Sunday, July 21, 2013

2013 Art On the Lawn welcomes back 2012's Best of Show - Kotah Moon

The Village Artisans will host their 30th annual fine arts and crafts festival, Art on the Lawn, on the Mills Lawn green, 200 South Walnut Street, in Yellow Springs on Saturday, August 10, from 10:00 a.m. to 5:00 p.m.

Scores of new and returning artists will have their work on display at the show. Their specialties include jewelry in gold and silver, beadwork with seeds and metal, paper-craft  watercolors and acrylics of nature and landscape scenes, drawings, caricatures, beeswax candles, garden and yard art, ceramics, stained glass, pressed flowers, masks, fiber art, leather accessories, scarves, and fused glass bugs! The setting is idyllic, and food vendors will be there to complement the outstanding artwork.
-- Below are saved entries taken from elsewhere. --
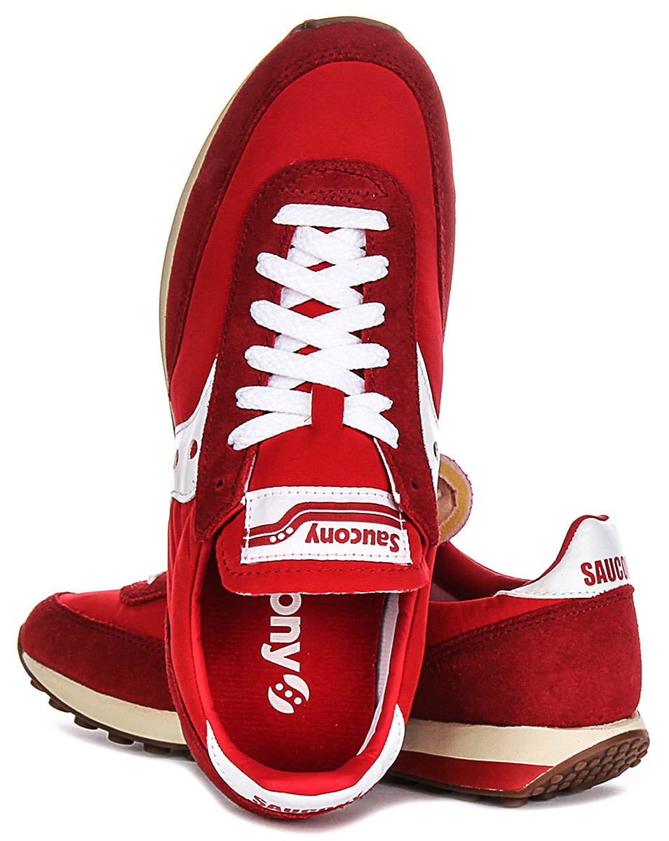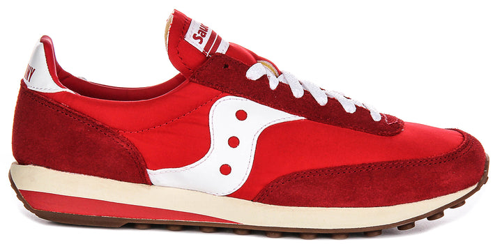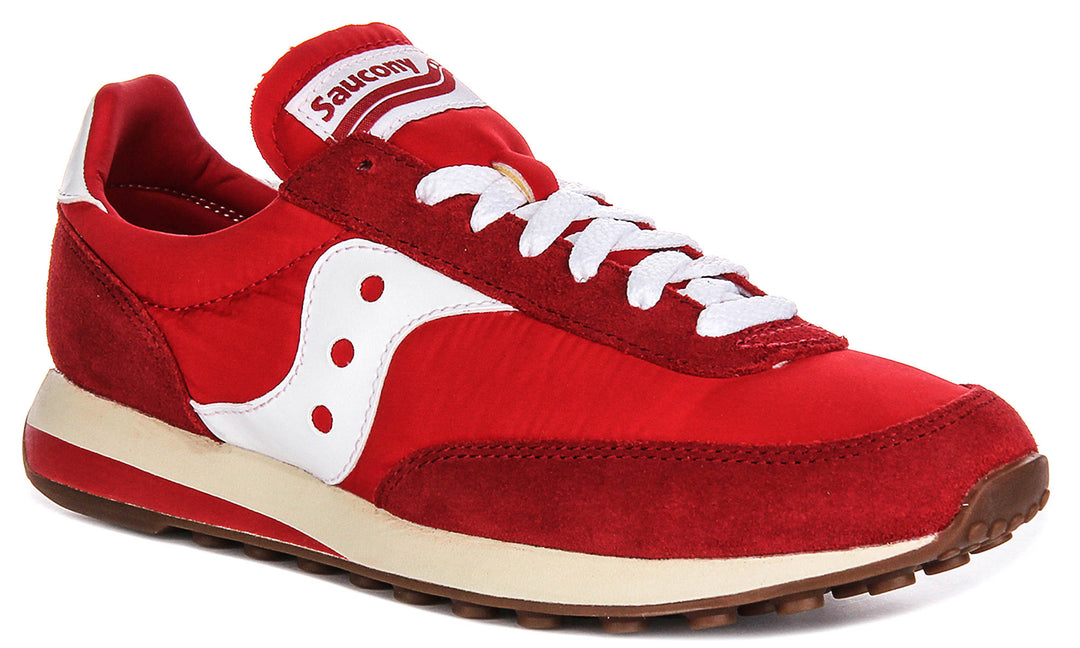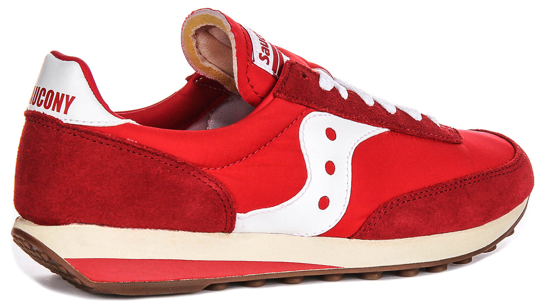 These are the Saucony Trainer 80 Canvas Suede Trainers, a stylish and versatile footwear option from the renowned brand Saucony. These trainers showcase a vibrant red colourway, making them a bold statement piece for your casual wardrobe. The upper material combines both canvas and suede, creating a visually appealing textural contrast. The suede elements appear to be in darker red and strategically placed around the toe, heel and along the sides, adding durability and a premium feel, while the canvas forms the main body, providing breathability and flexibility for comfortable wear.
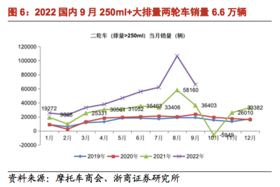 另据浙商证券相关研报,这一势头仍在延续。且从上图可以看出,除了2021年10月外,中大排量摩托车近年市场容量扩展快速且稳定。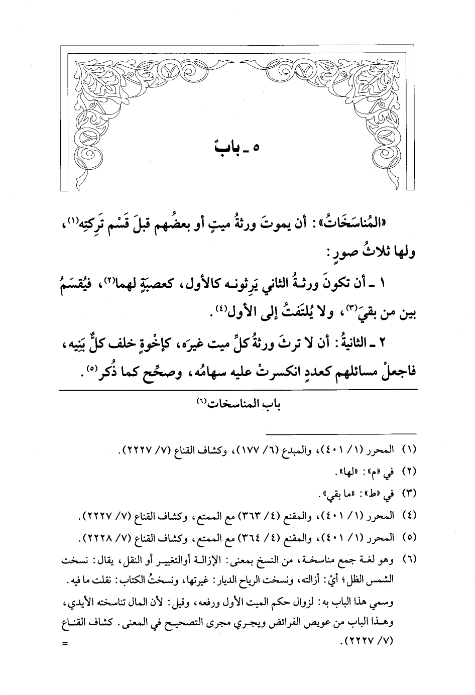 (¬6) وهو لغة جمع مناسخة، من النسخ بمعنى: الإزالة أو التغيير أو النقل، يقال: نسخت الشمس الظل؛ أيْ: أزالته، ونسخت الرياح الديار: غيرتها، ونسختُ الكتاب: نقلت ما فيه.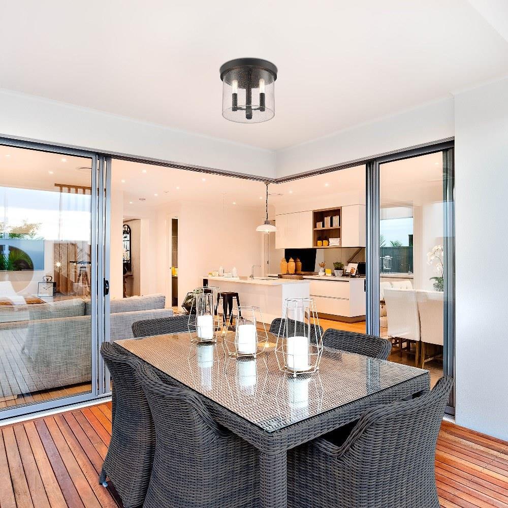 The clear seedy glass shades of the Otto collection will provide interesting light patterns to your outdoor spaces at night. The transitional aesthetic of Otto means that it will feel at home with any exterior décor. The Otto flush mount is suitable for damp outdoor or indoor environments and should be wired to a 120V power source.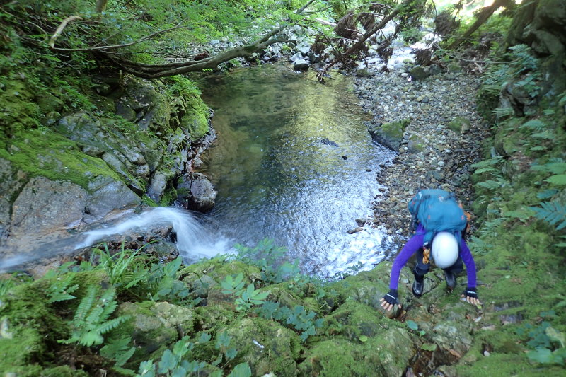 南向きの谷だし、もう少し日差しに悩まされるかと心配していたが、ほぼ樹林の中の遡行は暑さ知らずだった。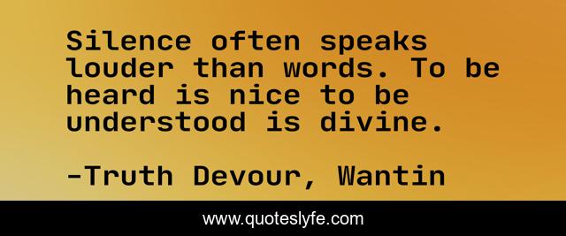 This page presents the quote "Silence often speaks louder than words. To be heard is nice to be understood is divine.". Author of this quote is Truth Devour, Wantin. This quote is about communication, silence, understanding,.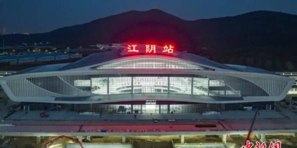 Published by Record China 滬寧沿江高速鉄道の江陰駅の夜…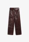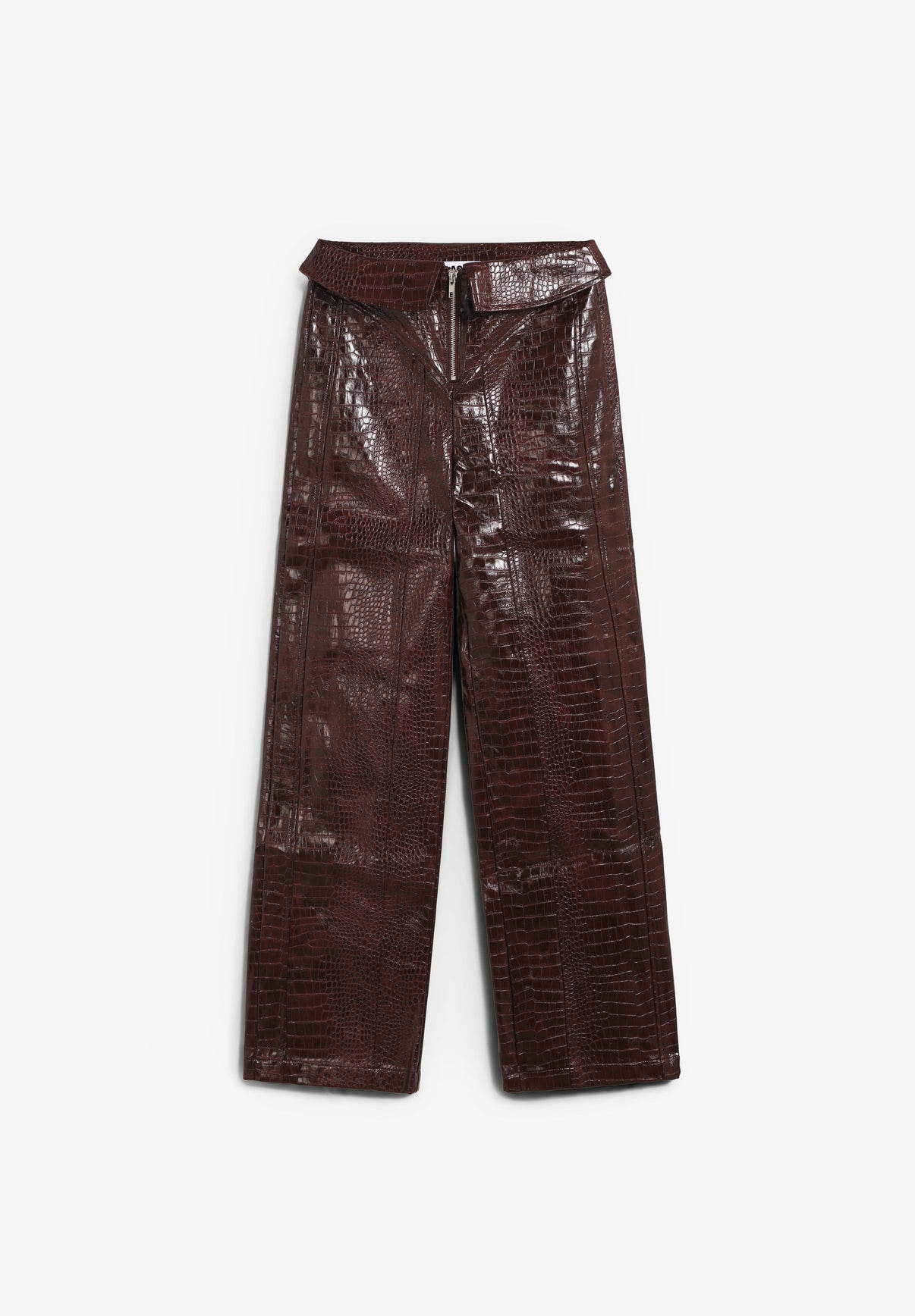 Calça Laagam confecionada em 100% poliuretano com cós interior em poliéster. Acabamento em pele sintética, cintura subida, detalhes de costura, cós duplo e fecho frontal em zíper metálico prateado. Costuras traseiras curvas com detalhes em fecho metálico. Corte reto.

The featured artist for this year is Kotah Moon, a spiritual Eco-Artist, who specializes in sculpture and the reformation of previously used metals. Kotah won the Best of Show award at last year’s Art on the Lawn, and she is returning not only because Art on the Lawn is “well organized” and “attracts good artists,” she stated, but because Yellow Springs is a “good energy town.” Moon has even researched that energy and has found convincing evidence that shows Yellow Springs to be located in an “energy vortex.”  And energy, say Kotah Moon, is a major part of her life and work. Traveling to art shows throughout much of the year, Kotah and her wife, Suzy, spend winters in Florida, working and looking for the used or scrap material with which she creates her eco-art.


She finds used metals wherever she goes, says Kotah, and “each piece has its own story.” New metals, she explains, “don’t have the energy that comes with used metals. They don’t speak to me.”



So she looks for “metals that have had a life before...that have had life experiences” Those experiences, says Kotah, can come from the soil and the place where the material has been used, and from the people who used it.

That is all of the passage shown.